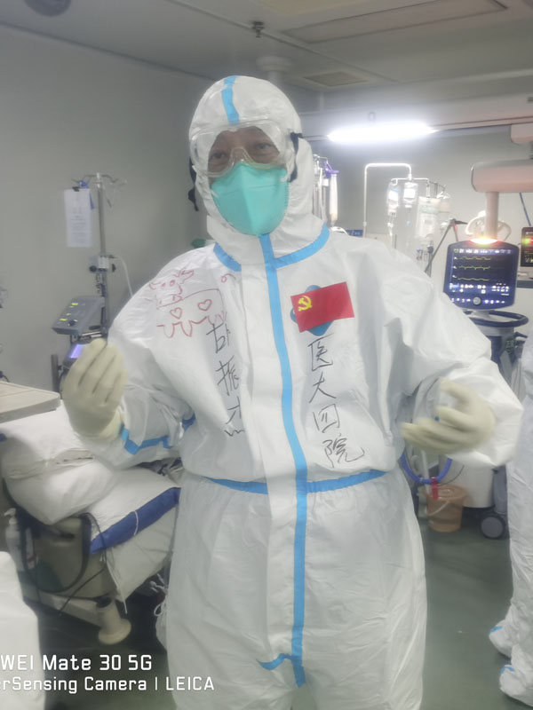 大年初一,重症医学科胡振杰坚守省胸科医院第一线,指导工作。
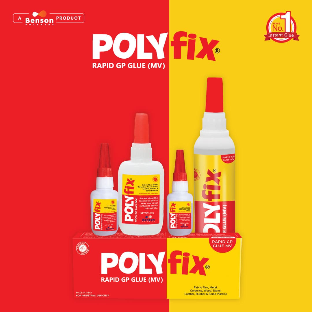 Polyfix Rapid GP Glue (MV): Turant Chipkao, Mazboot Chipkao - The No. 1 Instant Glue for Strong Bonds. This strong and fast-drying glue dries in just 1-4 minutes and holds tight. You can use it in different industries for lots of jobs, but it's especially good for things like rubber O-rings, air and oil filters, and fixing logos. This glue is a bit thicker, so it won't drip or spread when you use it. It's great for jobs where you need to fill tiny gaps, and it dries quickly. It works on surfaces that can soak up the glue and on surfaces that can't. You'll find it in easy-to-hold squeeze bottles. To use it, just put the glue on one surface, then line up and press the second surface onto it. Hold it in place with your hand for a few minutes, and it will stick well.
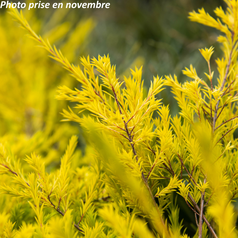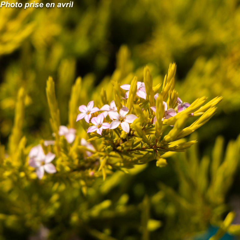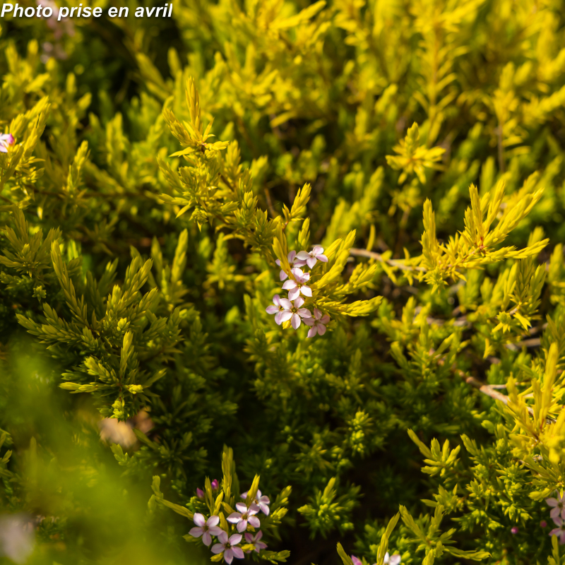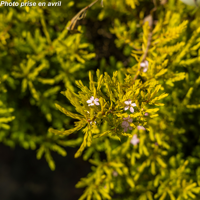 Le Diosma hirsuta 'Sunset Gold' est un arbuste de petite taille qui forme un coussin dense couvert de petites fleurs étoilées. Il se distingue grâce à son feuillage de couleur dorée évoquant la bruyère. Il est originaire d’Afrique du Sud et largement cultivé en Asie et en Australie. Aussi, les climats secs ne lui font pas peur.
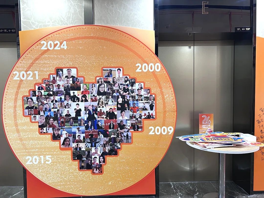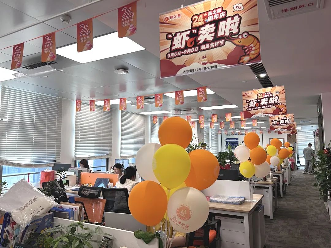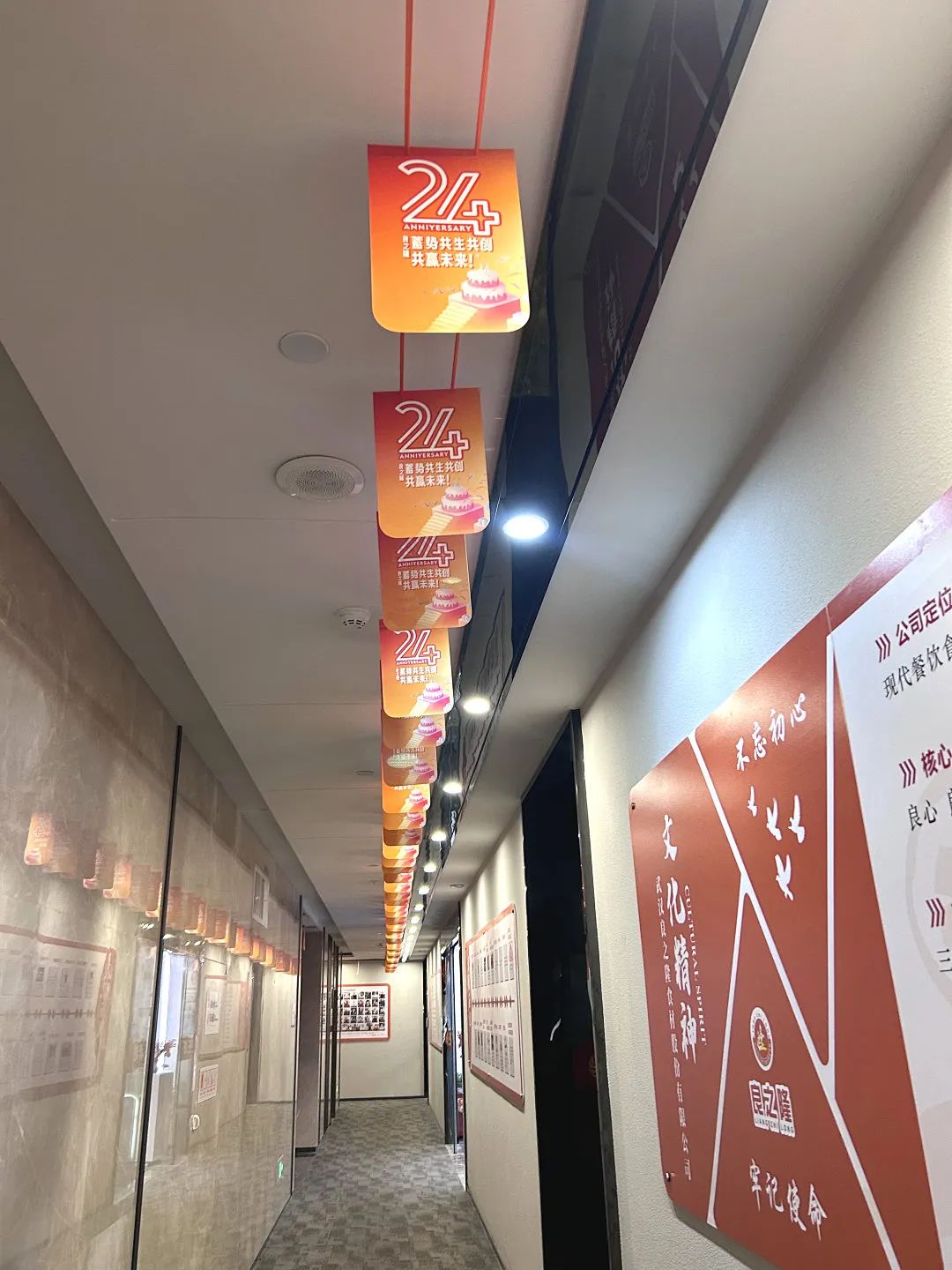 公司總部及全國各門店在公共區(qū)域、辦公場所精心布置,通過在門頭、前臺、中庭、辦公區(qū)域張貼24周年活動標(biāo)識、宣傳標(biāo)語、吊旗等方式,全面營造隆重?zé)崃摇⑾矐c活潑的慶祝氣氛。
---
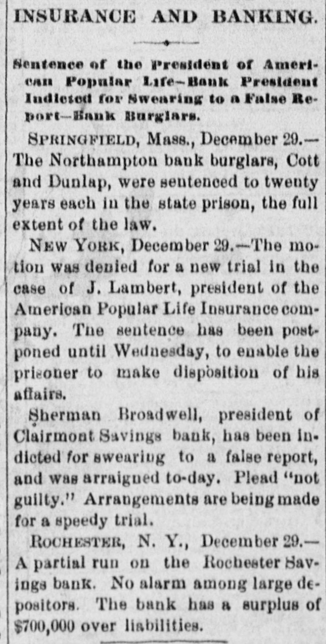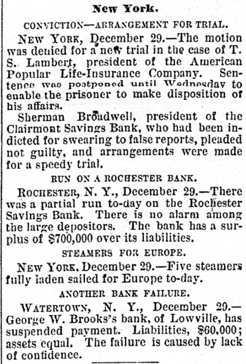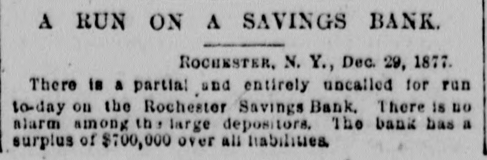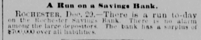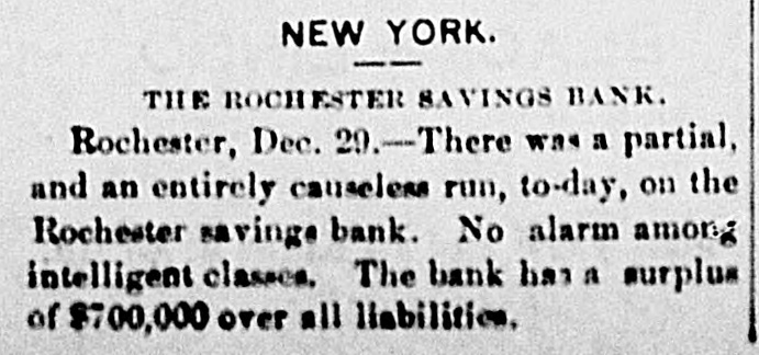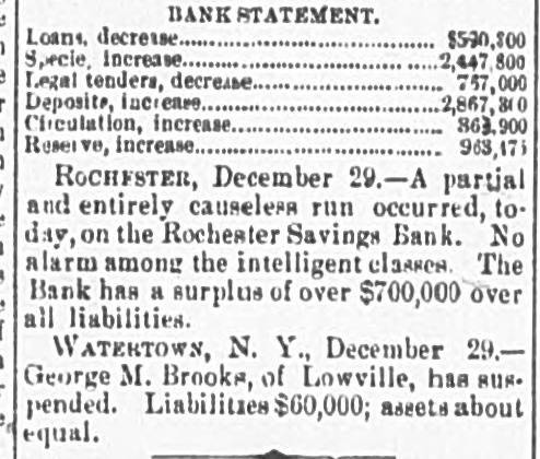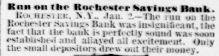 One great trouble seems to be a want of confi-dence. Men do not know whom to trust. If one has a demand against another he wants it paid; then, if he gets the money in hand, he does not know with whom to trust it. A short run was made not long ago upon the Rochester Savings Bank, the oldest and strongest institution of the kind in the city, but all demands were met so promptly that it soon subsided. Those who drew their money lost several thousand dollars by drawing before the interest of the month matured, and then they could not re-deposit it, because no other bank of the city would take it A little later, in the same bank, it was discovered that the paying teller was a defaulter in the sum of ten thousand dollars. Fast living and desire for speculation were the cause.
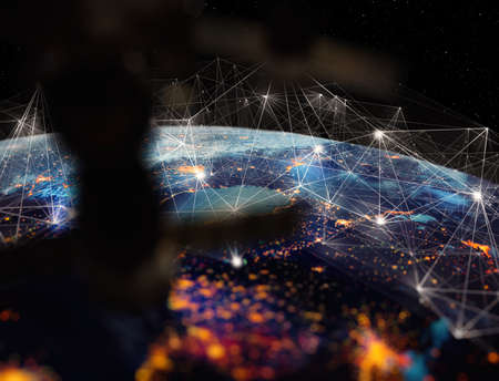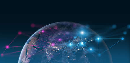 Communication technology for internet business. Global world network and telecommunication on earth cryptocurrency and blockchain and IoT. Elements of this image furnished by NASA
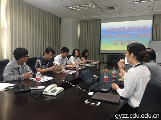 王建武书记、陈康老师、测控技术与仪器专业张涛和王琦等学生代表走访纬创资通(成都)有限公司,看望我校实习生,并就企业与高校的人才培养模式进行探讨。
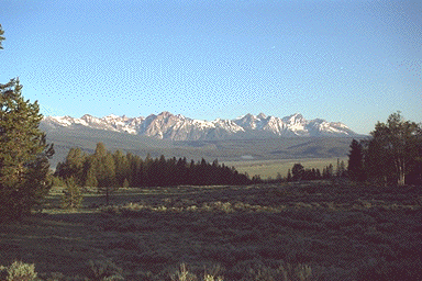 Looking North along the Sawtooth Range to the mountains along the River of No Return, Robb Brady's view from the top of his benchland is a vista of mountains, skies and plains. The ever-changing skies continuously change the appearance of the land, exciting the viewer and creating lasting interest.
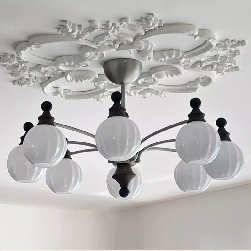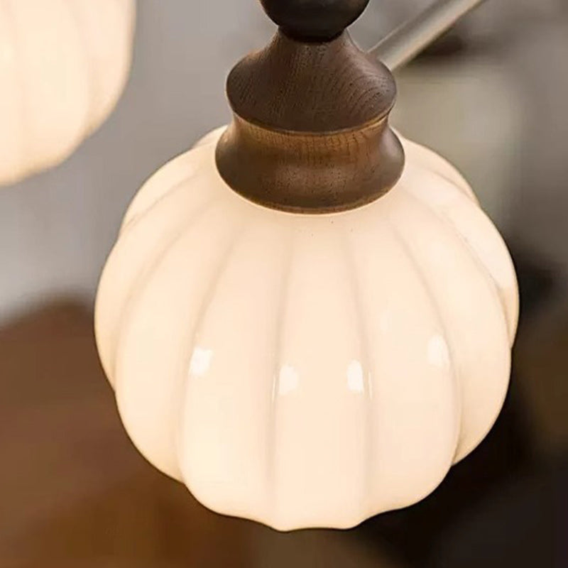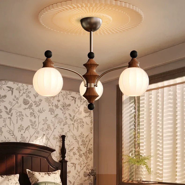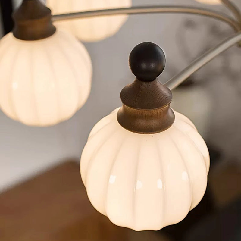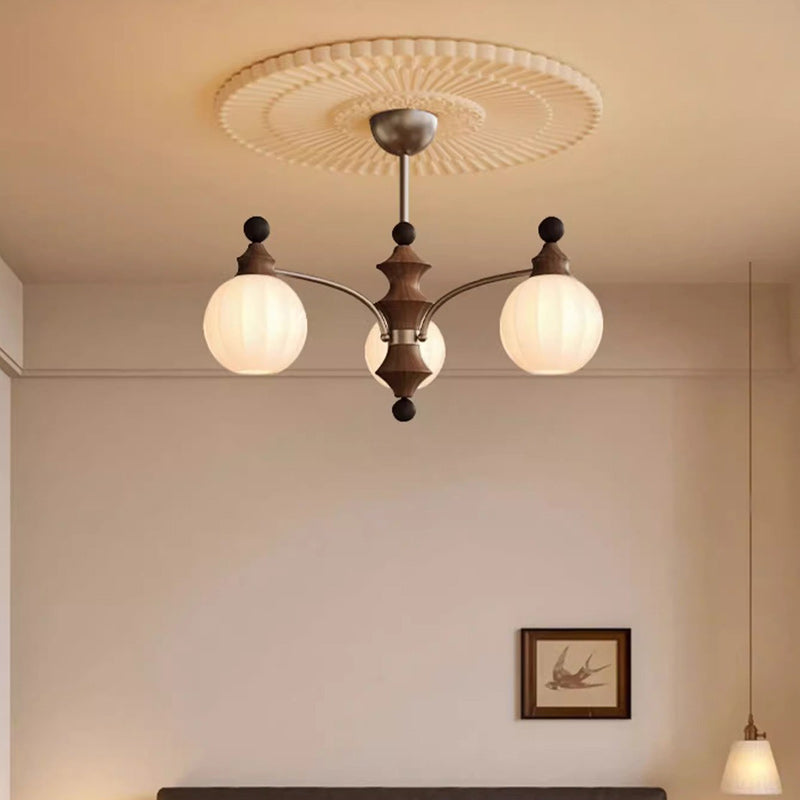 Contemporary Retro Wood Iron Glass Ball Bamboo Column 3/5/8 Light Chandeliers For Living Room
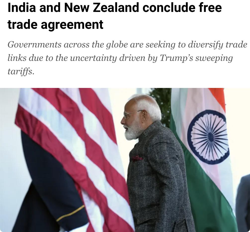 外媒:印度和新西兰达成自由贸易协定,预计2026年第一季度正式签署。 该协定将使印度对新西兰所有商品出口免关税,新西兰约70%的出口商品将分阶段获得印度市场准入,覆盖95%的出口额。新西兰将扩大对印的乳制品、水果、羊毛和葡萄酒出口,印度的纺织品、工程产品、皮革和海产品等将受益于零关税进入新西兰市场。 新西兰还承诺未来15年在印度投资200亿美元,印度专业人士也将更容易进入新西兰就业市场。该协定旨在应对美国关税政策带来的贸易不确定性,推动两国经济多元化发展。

* **HOW TO COMPLETE THIS TASK**
Out of the records above, please copy exactly the lines from the line with "大年初一,重症医学科胡振杰坚守省胸科医院第一线,指导工作。" up to and including the line with "公司總部及全國各門店在公共區", minus the pictures.

* **YOUR SOLUTION**
 大年初一,重症医学科胡振杰坚守省胸科医院第一线,指导工作。
 Polyfix Rapid GP Glue (MV): Turant Chipkao, Mazboot Chipkao - The No. 1 Instant Glue for Strong Bonds. This strong and fast-drying glue dries in just 1-4 minutes and holds tight. You can use it in different industries for lots of jobs, but it's especially good for things like rubber O-rings, air and oil filters, and fixing logos. This glue is a bit thicker, so it won't drip or spread when you use it. It's great for jobs where you need to fill tiny gaps, and it dries quickly. It works on surfaces that can soak up the glue and on surfaces that can't. You'll find it in easy-to-hold squeeze bottles. To use it, just put the glue on one surface, then line up and press the second surface onto it. Hold it in place with your hand for a few minutes, and it will stick well.
 Le Diosma hirsuta 'Sunset Gold' est un arbuste de petite taille qui forme un coussin dense couvert de petites fleurs étoilées. Il se distingue grâce à son feuillage de couleur dorée évoquant la bruyère. Il est originaire d’Afrique du Sud et largement cultivé en Asie et en Australie. Aussi, les climats secs ne lui font pas peur.
 公司總部及全國各門店在公共區(qū)域、辦公場所精心布置,通過在門頭、前臺、中庭、辦公區(qū)域張貼24周年活動標(biāo)識、宣傳標(biāo)語、吊旗等方式,全面營造隆重?zé)崃摇⑾矐c活潑的慶祝氣氛。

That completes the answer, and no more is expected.